İslam dünyasının büyük şair ve yazarlarından olan Şirazi, özellikle küçük hikâyelerle oldukça hoş, enteresan kişisel gelişime yönelik yazıları ve Fabl türü eserleriyle dikkat çeker. Avrupa hayranlığı ile Doğu klasiklerini İslam’ı renginden dolayı reddettiğimiz gözümüzü kapadığımız için Fabl denilince biz hep 17. yüzyıldaki La Fonten gelir aklımıza. Hâlbuki 12. yüzyılda İslam coğrafyasındaki Şadi Şazi’ye gözlerimizi kapatırız.
Her neyse konumuz edebiyatımızdaki “mukallitlik” ya da “ eziklik” psikolojisi değil.
Günümüz insanının ruh dünyasına ışık tutacak bir hikâyeyi Sadi 12. yüzyıldan günümüze gönderir. Hikâye Hindistan’da geçer. Hintlilerin maymunları nasıl avladıklarını anlatır Şiraz.
Malum maymunlar oldukça çevik ve zekâ yönünden hayvan türleri arasında insan zekâsına yakın bir zekâ gelişimi gösterir. Bu itibarla maymunları avlamak son derece zor ve meşakkatli bir iştir. Bunun için geliştirilen yöntem ise son derece basittir.
Maymunlar için muz vazgeçemeyecekleri kadar değerli bir besindir. Bu zaaflarından dolayı maymunun elinin sığacağı büyüklükte bir kavanoza muz konulur. Maymun muzu görünce dayanamaz. Onu almak için elini kavanozun içine sokar. Eli boş iken ağzı dar olan kavanoza sığan maymunun eli muzu aldığında yumruk şekline dönüştüğünden eli kavanozdan çıkmaz. Muzdan vazgeçmeyen maymun kavanozdan elini çıkaramaz ve maymun kolayca yakalanır. Muzu bırakanlar ise eli açık olacağı ve kavanozdan kolay çıkartabileceği için kurtulur.

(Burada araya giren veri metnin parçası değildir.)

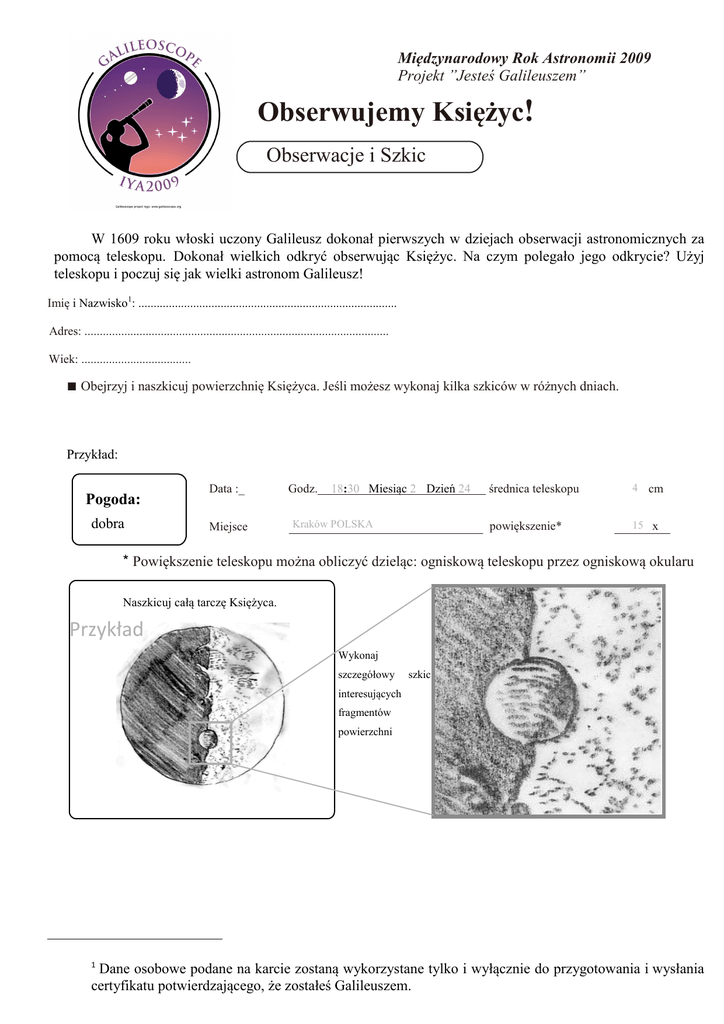 Międzynarodowy Rok Astronomii 2009 Projekt ”Jesteś Galileuszem” Obserwujemy Księżyc! Obserwacje i Szkic W 1609 roku włoski uczony Galileusz dokonał pierwszych w dziejach obserwacji astronomicznych za pomocą teleskopu. Dokonał wielkich odkryć obserwując Księżyc. Na czym polegało jego odkrycie? Użyj teleskopu i poczuj się jak wielki astronom Galileusz! Imię i Nazwisko1: ..................................................................................... Adres: .................................................................................................... Wiek: .................................... ■ Obejrzyj i naszkicuj powierzchnię Księżyca. Jeśli możesz wykonaj kilka szkiców w różnych dniach. Przykład: Pogoda: dobra Data :_ Miejsce Godz. 18:30 Miesiąc 2 Dzień 24 Kraków POLSKA średnica teleskopu 4 cm powiększenie* 15 x * Powiększenie teleskopu można obliczyć dzieląc: ogniskową teleskopu przez ogniskową okularu Naszkicuj całą tarczę Księżyca. Przykład Wykonaj szczegółowy szkic interesujących fragmentów powierzchni 1 Dane osobowe podane na karcie zostaną wykorzystane tylko i wyłącznie do przygotowania i wysłania certyfikatu potwierdzającego, że zostałeś Galileuszem. Data Godz. : Miesiąc Dzień średnica teleskopu cm Dzień1 pogoda: Dzień 2 pogoda: Miejsce Data Miejsce Godz. : Miesiąc Dzień Powiększenie x średnica teleskopu cm Powiększenie x Dzień 3 pogoda: Data Miejsce Godz. : Miesiąc Dzień średnica teleskopu Powiększenie Wykonaj tyle obserwacji ile zdołasz ▪Opisz poniżej swoje obserwacje tarczy Księżyca i zanotuj wszystkie spostrzeżenia. cm x Podsumowanie obserwacji: Na podstawie własnych obserwacji i obserwacji Galileusza, możesz zauważyć, że zarówno widoczna część powierzchni Księżyca, jak i jego kształt zmieniają się w kolejnych dniach. Kopia szkiców powierzchni Księżyca wykonanych przez Galileusza Teraz popatrz na mapę Księżyca i znajdź fragment powierzchni, który chcesz szczegółowo naszkicować. Jaką nazwę nosi ten obszar? *Możesz pobrać mapę Księżyca ze strony : http://www.as.up.krakow.pl/edu/prog.html#mapy_ks ■ Na powierzchni Księżyca można wyróżnić morza, kratery i góry księżycowe. Czy zauważyłeś je podczas obserwacji i w swoich szkicach? Zaznacz je na rysunku i podpisz. - Kratery: wgłębienia na powierzchni Księżyca. Większość jest okrągła. - Maria (Morza), lacus (Jeziora), sinus (Zatoki): ciemniejsze fragmenty powierzchni. Chociaż nazwane zostały morzami pokryte są skałami i nie ma w nich wody. Mają niewiele kraterów i są płaskie - Góry księżycowe: obszary, w których uformowały się wysokie wzniesienia, podobne do gór na Ziemi. Następnie dowiedzmy się, dlaczego Księżyc ma fazy. Zjawisko to wynika ze zmieniającego się położenia Ziemi, Księżyca i Słońca względem siebie. Księżyc krąży wokół Ziemi jak na rysunku poniżej. Narysuj jak zmienia się wygląd Księżyca obserwowanego z Ziemi. Kierunek padania promieni słonecznych Kiedy obserwujemy Księżyc przez teleskop jego widok może być odwrócony Orbita Księżyca Księżyc Ziemia Na podstawie swoich obserwacji narysuj zauważone zmiany wyglądu Księżyca począwszy od wąskiego sierpa podobnego do brzuszka litery D poprzez pełnię (litera O) i sierp podobny do litery C. Czy wygląd księżyca ma związek z porą, kiedy można go obserwować na niebie? ■ Opisz poniżej swoje spostrzeżenia dotyczące wyglądu tarczy Księżyca. Wypełnioną kartę przyślij na adres: Instytut Fizyki Uniwersytetu Pedagogicznego ul. Podchorążych 2 30-084 Kraków z dopiskiem: „Jestem Galileuszem” Dane osobowe podane na karcie zostaną wykorzystane tylko i wyłącznie do przygotowania i wysłania certyfikatu potwierdzającego, że zostałeś Galileuszem. Autorzy najlepszych prac obserwacyjnych na zakończenie Międzynarodowego Roku Astronomii, nagrodzeni zostaną nagrodami rzeczowymi (m. in. teleskop, książki, mapy nieba)

Şirazi bu olayı anlattıktan sonra adeta bize, günümüz insanına kişisel gelişimle ilgili harika bir ders verir. Der ki “İnsanların başına ne gelirse eline aldığını bırakmayışından gelir Eline aldığını bırakabilen saadete kavuşur. Bırakamayanlar ise felakete gider. Hiç kimse verdiğinden sıkıntı çekmez. Ancak aldığından sıkıntı çeker. Cömert olan, vermesini bilen, elini açan her zaman rahat eder .”
Elini açanın kurtulduğu, kapayıp ta elindekini bırakmayanın tuzağa düştüğü bir dünyada yaşıyoruz.
Sen ona en değerli şeylerini vermedikçe, onun sana hiçbir şey varmayacağı bir dünyadayız.
Başımıza gelen felaketler elimize aldıklarımızı bırakmayışımızdan geldiğini hiç düşündük mü?
Hiç kimse verdiğinden sıkıntı çekmiyor.
Aldıklarımızdan..
Aldığımızı sahiplendiğimizdendir çektiklerimiz.
Sahiplenmekle de kalmayıp kalbine yerleştirdiğinden..
Tıpkı Can Yücelin şiirinde olduğu;
“Çalıştığın binayı, masanı, telefonunu, kartvizitini...
Hatta elini ayağını bile çok sahiplenmeyeceksin.
Senin değillermiş gibi davranacaksın.
Hem hiçbir şeyin olmazsa, kaybetmekten de korkmazsın.”